Sync scripts on all workers:

for HOST in rtt2w1 rtt2w2 rtt2w3 rtt2w4 rtt2w5; do 
    echo "=============================Syncing ${HOST}"
    rsync -av  --rsync-path="sudo rsync" --progress ~/workspace/rtt-deployment-openshift/common/ $HOST:/rtt_backend/common/
    rsync -av --rsync-path="sudo rsync" --progress ~/workspace/rtt-deployment-openshift/files/run_jobs.py $HOST:/rtt_backend/
    rsync -av --rsync-path="sudo rsync" --progress ~/workspace/rtt-deployment-openshift/files/clean_cache.py  $HOST:/rtt_backend/clean_cache_backend.py
    ssh $HOST 'sudo chown -R root:rtt_admin /rtt_backend/common; sudo chown -R root:rtt_admin /rtt_backend/run_jobs.py; sudo chmod +x /rtt_backend/run_jobs.py; sudo chown -R root:rtt_admin /rtt_backend/clean_cache_backend.py; sudo chmod +x /rtt_backend/clean_cache_backend.py; '
done

BoolTest runner:

pip3 install booltest_rtt

Update backend.ini:

[RTT-Binary]
binary-path = /home/user/rtt_worker/rtt_execution/randomness-testing-toolkit
booltest-rtt-path = /home/user/.pyenv/versions/3.7.1/bin/booltest_rtt

Configuration in rtt-settings.json:

{
    "booltest": {
        "default-cli": "--no-summary --json-out --log-prints --top 128 --no-comb-and --only-top-comb --only-top-deg --no-term-map --topterm-heap --topterm-heap-k 256 --best-x-combs 512",
        "strategies": [
            {
                "name": "v1",
                "cli": "",
                "variations": [
                    {
                        "bl": [128, 256, 384, 512],
                        "deg": [1, 2, 3],
                        "cdeg": [1, 2, 3],
                        "exclusions": []
                    }
                ]
            },
            {
                "name": "halving",
                "cli": "--halving",
                "variations": [
                    {
                        "bl": [128, 256, 384, 512],
                        "deg": [1, 2, 3],
                        "cdeg": [1, 2, 3],
                        "exclusions": []
                    }
                ]
            }
        ]
    }
}

Troubleshooting

RTT static build

Randomness testing toolkit is preferably built statically. Due to libmariadbclient.a depedency it may be problematic. In Debian 10, libmariadbclient depends on GnuTLS, which depends on many other libs.
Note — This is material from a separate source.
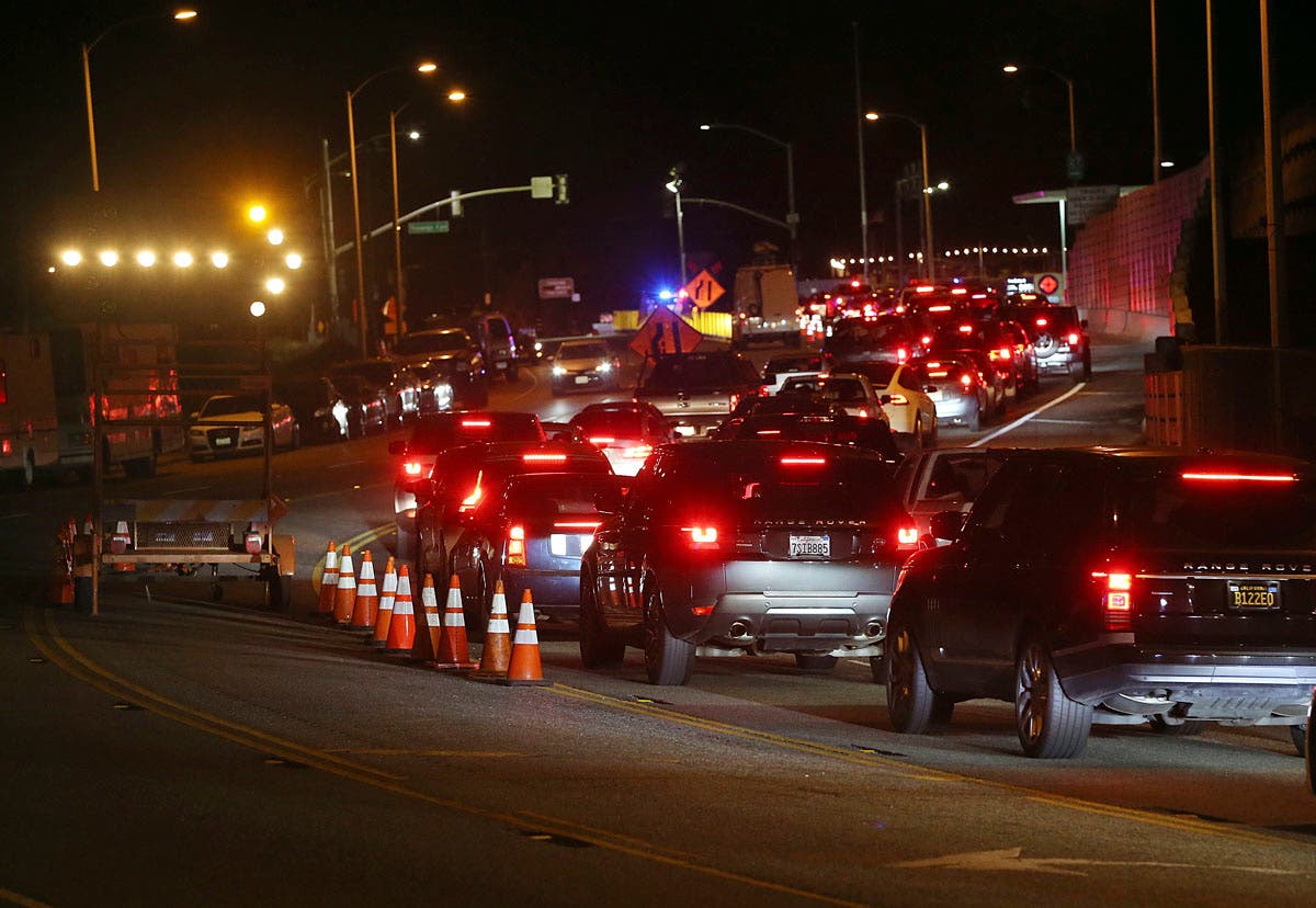 A long line of residents seeking to return to Malibu, Calif., in Southern California wait at a checkpoint on Pacific Coast Highway after Woolsey Fire evacuation orders were lifted for the eastern portion of the city. (AP Photo/Reed Saxon)

For example, p11-kit library is available only dynamically (.so). Option 1 is to link p11-kit dynamically, thus it is required for system running RTT to contain the library. We try option 2, build it manually from sources, with minimal features (as we don't need p11 for libmariadbclient) and build statically against libp11-kit-internal.a. This can break in future so we implemented fallback - link against p11-kit dynamically.

We tried to cover some cases, but it may happen static build fails. You may try dynamic build then.

Finding library exporting symbols

When debugging static linking, you may need to find a static lib that contains reference you are looking for:

find /usr/lib/x86_64-linux-gnu/ -type f -name '*.a' | xargs -I{} sh -c 'echo $1; nm $1 2>/dev/null | grep nettle_mpz_get_str_256' sh {} 

Debian 11

Debian 10 compiled sources may miss libffi.so.6, copy it from Debian 10 system to a

.pyenv/versions/3.10.2/lib/python3.10/site-packages/MySQLdb

as it is already on LD_LIBRARY_PATH.